━━━ Excerpted data ━━━

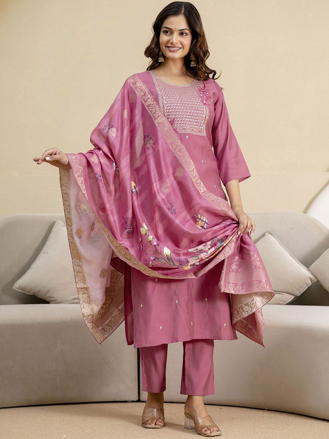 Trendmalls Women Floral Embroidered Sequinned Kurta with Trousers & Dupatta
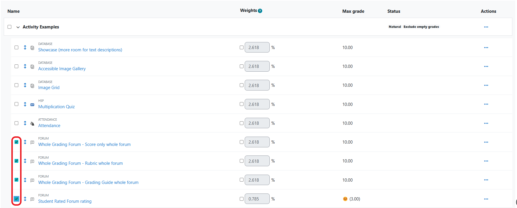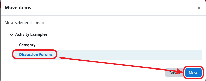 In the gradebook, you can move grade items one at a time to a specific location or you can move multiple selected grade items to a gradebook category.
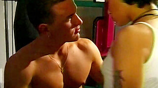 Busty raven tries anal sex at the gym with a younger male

━━━
━━━ Excerpted data ━━━

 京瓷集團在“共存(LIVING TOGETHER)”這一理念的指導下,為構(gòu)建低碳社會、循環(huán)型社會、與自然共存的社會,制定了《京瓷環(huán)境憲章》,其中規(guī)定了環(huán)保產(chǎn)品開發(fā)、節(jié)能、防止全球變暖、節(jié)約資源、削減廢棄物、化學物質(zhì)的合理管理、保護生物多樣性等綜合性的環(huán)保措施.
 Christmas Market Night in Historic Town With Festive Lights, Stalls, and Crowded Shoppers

━━━
━━━ Excerpted data ━━━

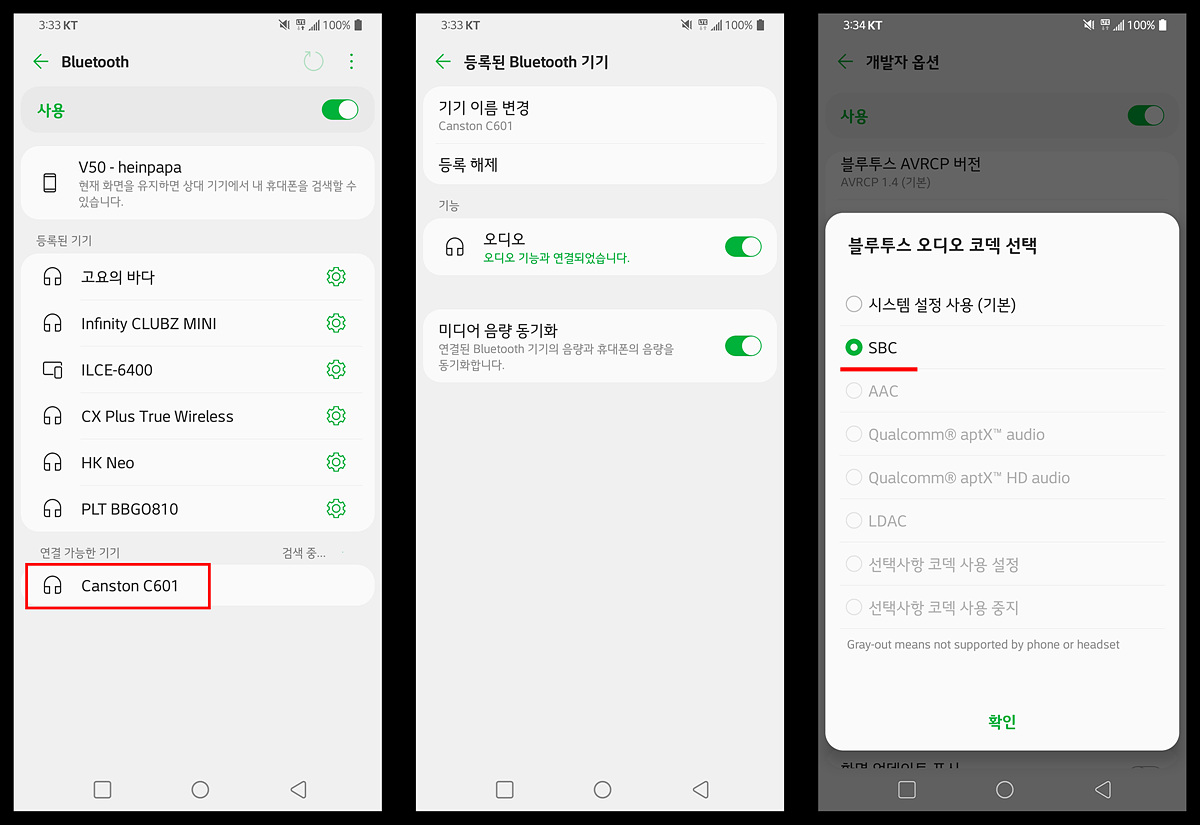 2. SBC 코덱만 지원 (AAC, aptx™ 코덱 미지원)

━━━

§ Task requirements: While skipping the pictures, transcribe the data above from the line showing "Trendmalls Women Floral" through the line showing "Busty raven tries", exactly and with both ends.

§ Output:
 Trendmalls Women Floral Embroidered Sequinned Kurta with Trousers & Dupatta
 In the gradebook, you can move grade items one at a time to a specific location or you can move multiple selected grade items to a gradebook category.
 Busty raven tries anal sex at the gym with a younger male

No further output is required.